Make an exact copy, from the records below, of the lines from the line containing "La zona de ampliación, que" to the line containing "parcelle n° 6.", both lines included, excluding pictures.

* _Records for processing_:
******************************

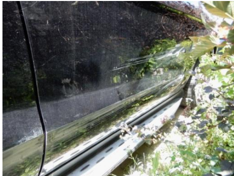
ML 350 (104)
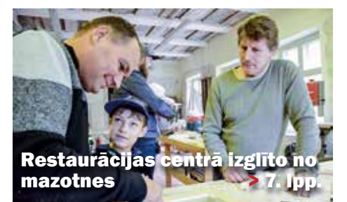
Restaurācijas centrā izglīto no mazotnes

******************************

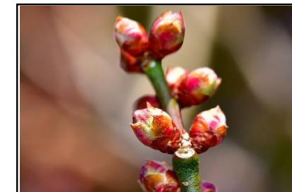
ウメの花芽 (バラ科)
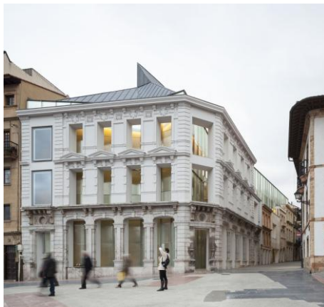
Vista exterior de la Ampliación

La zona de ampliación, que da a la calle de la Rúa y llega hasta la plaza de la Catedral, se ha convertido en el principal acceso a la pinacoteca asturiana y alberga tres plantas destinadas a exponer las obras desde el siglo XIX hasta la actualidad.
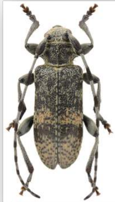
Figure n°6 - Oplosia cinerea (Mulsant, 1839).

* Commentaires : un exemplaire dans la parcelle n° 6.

******************************

* _Answer section_:
La zona de ampliación, que da a la calle de la Rúa y llega hasta la plaza de la Catedral, se ha convertido en el principal acceso a la pinacoteca asturiana y alberga tres plantas destinadas a exponer las obras desde el siglo XIX hasta la actualidad.
Figure n°6 - Oplosia cinerea (Mulsant, 1839).

* Commentaires : un exemplaire dans la parcelle n° 6.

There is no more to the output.